Young people in this context are seen as a source of potential trouble, their very existence and freedom poses a threat (Finnström Citation2008, Branch Citation2011). In the context of generational and broader social breakdown sport provides an important avenue for the exercise of community regulation. In this way, sport functions as a ‘means of productive power’ which is focused here on young people’s bodies and conduct (Darnell et al. Citation2018, p. 136). Sport therefore forms a terrain of bio-politics, whereby control of young people is seen as integral to the restoration of the community. The resilience these sporting programmes engender should therefore not necessarily be considered as a potentially transformational political and social force (Lindroth and Sinevaara-Miskanen Citation2019). Attempts to reclaim a ‘traditional’ or ‘right’ way seek to deny the internal pluralities and tensions that persist within that culture (Branch Citation2011). Instead, these programmes must reckon with the tension between aspiring to ‘empower young people as agents of social change’ (Athletes for Africa and the Steve Nash Foundation Citation2008) and the function of ‘sport as a practice of governmentality’ (Darnell et al. Citation2018, p. 136).

Young people who are not perceived to be ‘living right in the community’ are considered not only to be dangerous to their teammates but also to the perception of sporting activities on the whole (19). Programme organisers took particular care to emphasise that those who were not able to manifest individual resilience by behaving ‘right’ would be excluded for the benefit of the team and community as a whole. One coach remarked:

Others have improved, spiritually, emotionally and socially and we are happy about it. If we see that you look bad in the eyes of the community … we call you and give you some guidance and counselling and if you are ready to improve then we shall move together but if not then we shall also let you go (6).

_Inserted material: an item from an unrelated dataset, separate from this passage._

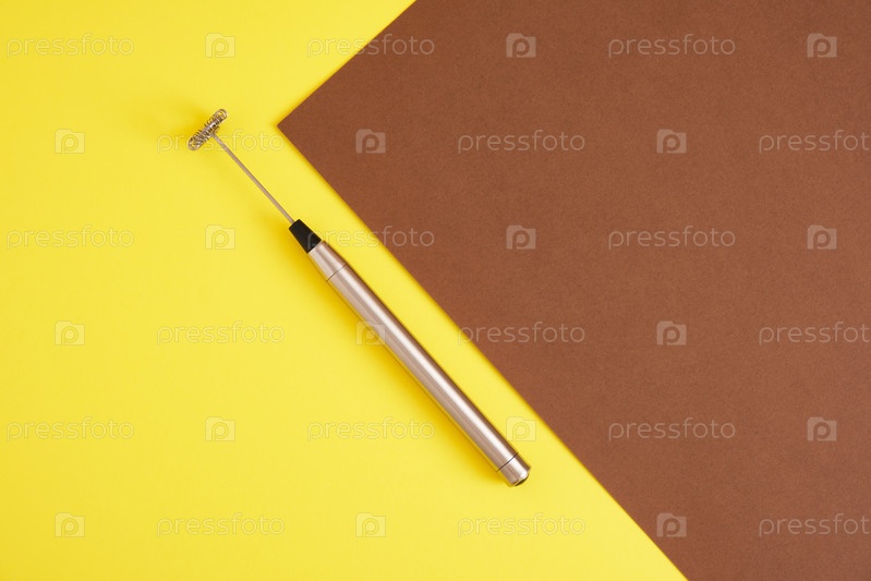 Металлический ручной взбиватель для молока на желтом и коричневом фоне. Ручной пенообразователь крупным планом

Sport is perceived as an asset to the community insofar as it supports the moral regulation of the collective. Central to the notion of a thriving community is individual conformity to community ideals. Individual resilience is therefore supported via this channel insofar as it conforms to community expectations. In this way ‘communal’ expectations of conformity are projected on individuals and particularly young people and are positioned as integral to the resilience of the community. Those who do not demonstrate sufficient ‘resilience’ to avoid or overcome problems are pathologized by coaches and team members, in keeping with community expectations. Coaches and team members absorb or propagate the moral expectations of the surrounding community and reproducing them in the team cultures. Coaches in turn indicated that moral regulation was perpetuated by parents who would at times intervene and prevent the continued participation of a young person in sport, particularly young women. Though a number of the coaches spoke of attempting to mediate with the parents on behalf of the young people in these cases, they were unsuccessful.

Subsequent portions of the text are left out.